GIVEN RECORDS

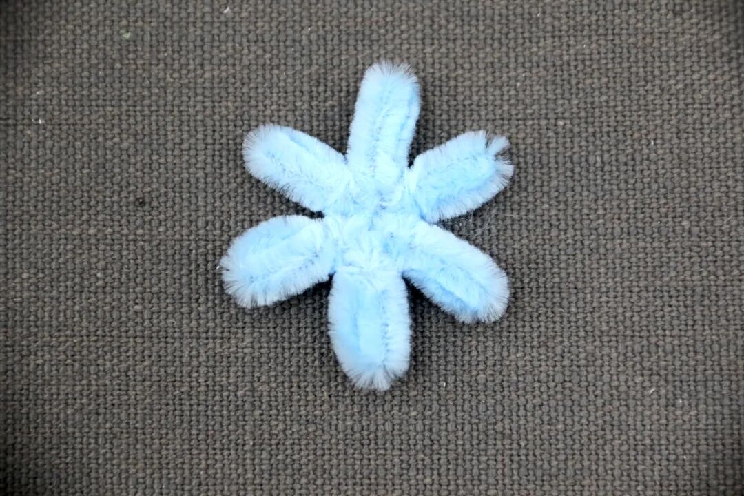 3. 另外拿一根藍(lán)色扭扭棒,扭出六個(gè)均勻分布的小圓弧,作為雪花的中心連接部分;
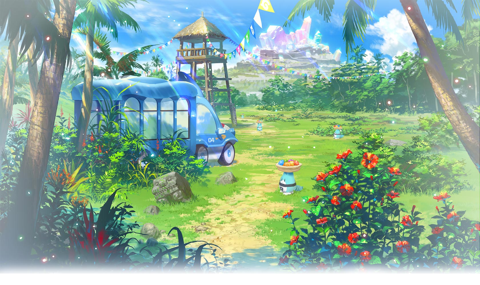 blue_car bus car flower highres kemono_friends kemono_friends_festival lucky_beast_(kemono_friends) motor_vehicle mountain nature sky tree
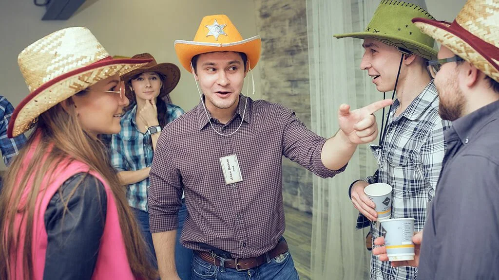 Квест на день рождения “Где-то на Диком Западе”: Вот так прогресс! Вчера наши народы спорили за территорию, а сегодня мы вместе позируем для соцсетей. Следующий шаг — совместный стартап по прокату лошадей и кофейня на вынос для ковбоев!
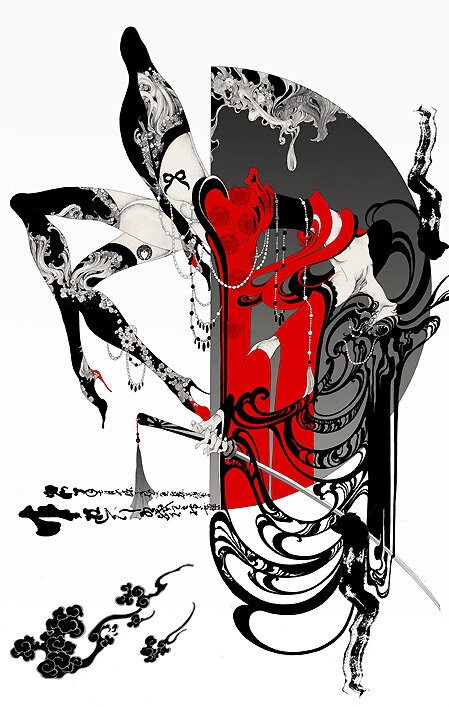 “The Grateful Crane”; arte por Aya Kato, circa 2007.
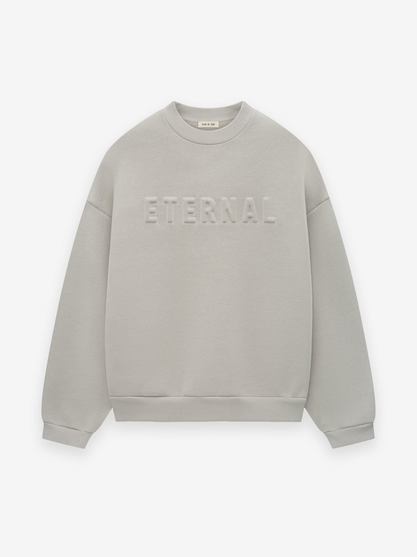The Eternal Crewneck is made in Portugal from a heavy cotton blend with an embossed "ETERNAL" logo on the front. The signature Fear of God fit is evident with a relaxed silhouette, dropped shoulders,  rib-knit cuffs and waist hem. Additional details include side pockets, and a Fear of God label is stitched on the hood.
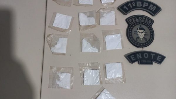 Após buscas dentro do Ônix preto, uma bolsa plástica foi localizada com 14 "maletinhas" com cocaína, acondicionada de maneira típica do tráfico de entorpecentes.
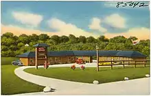 E. V. Yeager owned a sporting goods business on nearby Route 88, and in 1949 moved it to U.S. Route 1 (US 1),[3] to open the following year as the Down-East Village Motel, with a Gulf gas station. They leased the restaurant to Simpson's Hamburger.[4]
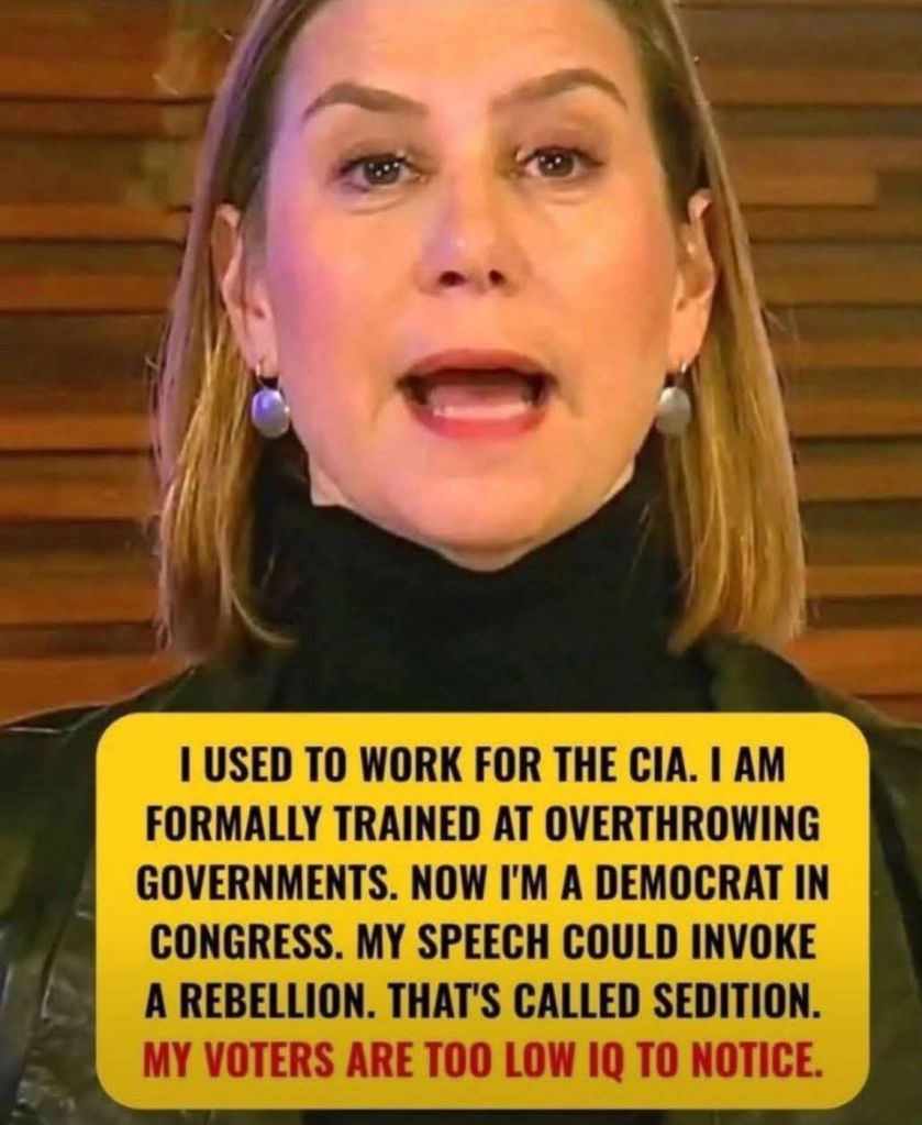 I used to work for the CIA. I am formally trained at overthrowing governments. Now I’m a Democrat in Congress. My speech could invoke a rebellion. That’s called sedition. My voters are too low IQ to notice.

WORK INSTRUCTIONS
Both ends included, copy the lines from the one holding "Após buscas dentro" to the last line of the entries exactly, with all pictures left out.

ANSWER FOR THIS EXERCISE
 Após buscas dentro do Ônix preto, uma bolsa plástica foi localizada com 14 "maletinhas" com cocaína, acondicionada de maneira típica do tráfico de entorpecentes.
 E. V. Yeager owned a sporting goods business on nearby Route 88, and in 1949 moved it to U.S. Route 1 (US 1),[3] to open the following year as the Down-East Village Motel, with a Gulf gas station. They leased the restaurant to Simpson's Hamburger.[4]
 I used to work for the CIA. I am formally trained at overthrowing governments. Now I’m a Democrat in Congress. My speech could invoke a rebellion. That’s called sedition. My voters are too low IQ to notice.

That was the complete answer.